Background:

Refugee Day

There is no typical refugee in Lebanon, too

by David Zorn,  2019/09/27

„Refugee!“ A word, which has been on everyone´s lips for years now – since in 2015 hundred thousands of people came to Germany seeking protection. Then „refugee“ stopped to be a distanced technical term used in the news, the consequences of war and the migration movements it caused became visible for everyone. Since then much has been written and reported about refugees, in particular about the largest group in numbers, the war refugees from Syria.

But what kind of human being is a typical refugee and how does his or her life looks like? Does a „typical“ refugee exist at all? David Zorn is responsible for humedica´s refugee work in Lebanon. On the occasion of the Refugee Day he tries to give his personal statement on this topic.

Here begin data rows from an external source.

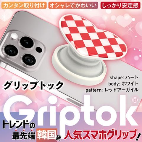 Griptok グリップトック 2025モデル 韓国発スマホグリップ しっかり安定 スマホスタンド ハート レッドアーガイル 33GRHTEPWHHT20 【同梱不可】[▲][AS]
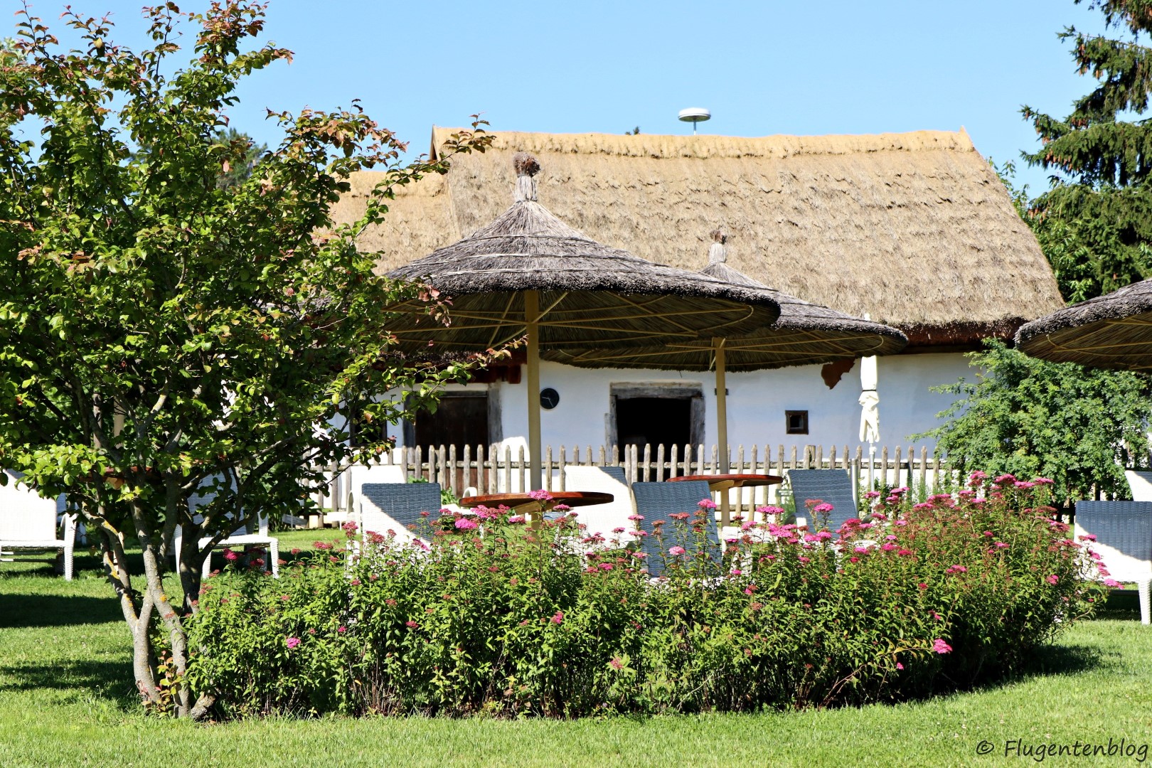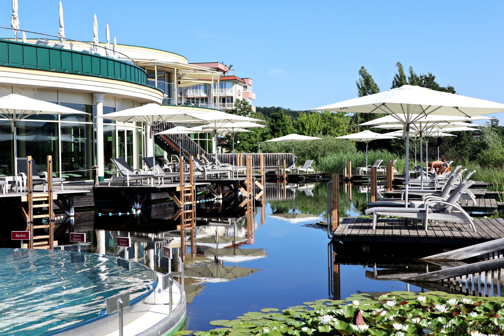 Mein Lieblingsplätzchen? Ganz klar … der 1.200 m² große Bio-Naturbadeteich. Ich habe ein besonders heißes Wochenende erwischt, weshalb ich am liebsten meine Bahnen im erfrischenden Naturbadeteich zog, dabei den Blick auf die Seerosen genoss und die Frösche beobachtete, die es sich auf den Seerosenblättern gemütlich gemacht hatten. Beim Teich befinden sich ein paar Romantikstege, welche gegen eine Extragebühr von € 15,– / Steg / Tag gebucht werden können. Wer es besonders gemütlich mag, kann vom Picknickkorb-Service (Wein, Mineral, Obst, pikante Schmankerl, Tageszeitung; € 28,–) Gebrauch machen. Im Winter bieten sich stattdessen die Day Spa Lounges an.
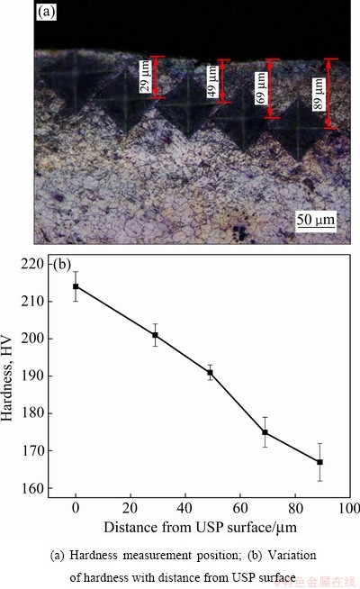 2.2 USP对AZ31镁合金显微组织和硬度的影响

Children in an unofficial tent camp in Lebanon. Photo: Christoph Jorda

2015 - Germany: hundreds of thousands Syrian refugees arrive in Germany. Many of us still remember the pictures taken at the Munich main station, where, on a single day, sometimes more than hundred refugees have been welcomed and distributed swiftly all over Germany. Many refugees had lost everything except the things they could carry. Many travelled alone, separated from their families. Outsiders can only imagine their traumatizing flight experiences. The Germany state could at least cover their basic material needs: an accommodation, clothes and something to eat.

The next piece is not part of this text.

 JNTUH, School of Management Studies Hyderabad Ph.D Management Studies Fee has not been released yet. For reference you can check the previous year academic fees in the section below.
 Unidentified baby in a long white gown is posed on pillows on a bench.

2017 - Beirut in Lebanon, in the living room of my residential community: I do a semester abroad at the French university in Beirut and am just having breakfast, Arabian coffee and bread, with my Syrian housemate Hussein*. Hussein has fled from the Syrian civil war because otherwise he would have died sooner or later, so he says. In Lebanon Syrian refugees do not receive state support, but he enjoys the peace prevailing in the Syrian neighbor country. He accepts every job, which comes his way: no matter if bartending or teaching Arabic. The money is always tight at the end of the month, but somehow he has to get on.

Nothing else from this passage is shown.